Спешу уточняюще прервать: «И не обо мне, а…»

«Есть, скажешь, разница?»

«Разница существенная… Однако все равно приятно, – признаю я.

«Поздравляю! – слышу неожиданно ласково заворковавший в трубке твой голосок, всегда вселяющий в меня надежду. Ты делаешь маленькую паузу и добавляешь. – Целую!»

«Если бы, – я шумно вздыхаю, – это было так…»

«Какой, надо же, отчаянный скептик, – в трубке слышу твой смешок, и потом ты подтверждаешь (ты отлично знаешь, что я поставил под сомнение). – Это именно так! Это только так!»

«Если… – боюсь произнести вслух, – то какие проблемы?»

«И ты не знаешь?»

«Нет, не знаю», – искренне отвечаю я.

«Четыреста километров – ничто?»

«Для любящего – ничто! Для ледяного же – непреодолимая пропасть. Любящее сердце не знает ни преград, ни расстояний, ни высоких гор, ни океанов».
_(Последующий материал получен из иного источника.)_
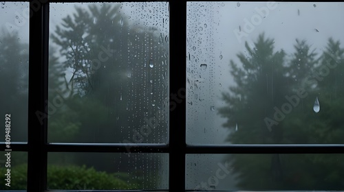 Naklejka premium Raindrops sliding down a foggy glass window, distorting the view outsid

«Красиво… но всегда у мужчин только на словах, – ты вздохнула. Но меня-то тебе не обмануть: вздох твой притворный. Ты-то уже прекрасно знаешь, что у меня от слов до дела – всего лишь шаг. И могла убедиться. Играешь, кошечка, играешь со своей жертвой, перекатывая своими лапками, в которых сейчас глубоко спрятаны коготки, нечто мягкое и пушистое. – Увы, все мужчины…»

И эти слова слышал не раз. Понимая, делаю вид, что не понимаю твоих правил игры, навязываемых мне сейчас.

«Хочешь проверить?» – в лоб спрашиваю я.

«Почему бы и нет?» – отвечаешь ты вопросом на вопрос.

«Тогда – жди».

И в ответ – растерянно: «Это… правда? Ты не шутишь?»

«Такими вещами, – солидно, с налетом пафоса говорю я, – не шутят.

«Если… если… То буду ждать… А когда?» – догадалась спросить ты.

«Завтра. По утру. Последним поездом».

Ты тихо непривычно умиротворённо сказала в трубку: «Жду. Буду дома. Я буду рада. И Сашка-то как будет тебе рад?! – ты помолчала и спросила. – Но как? Ведь уже поздно и…»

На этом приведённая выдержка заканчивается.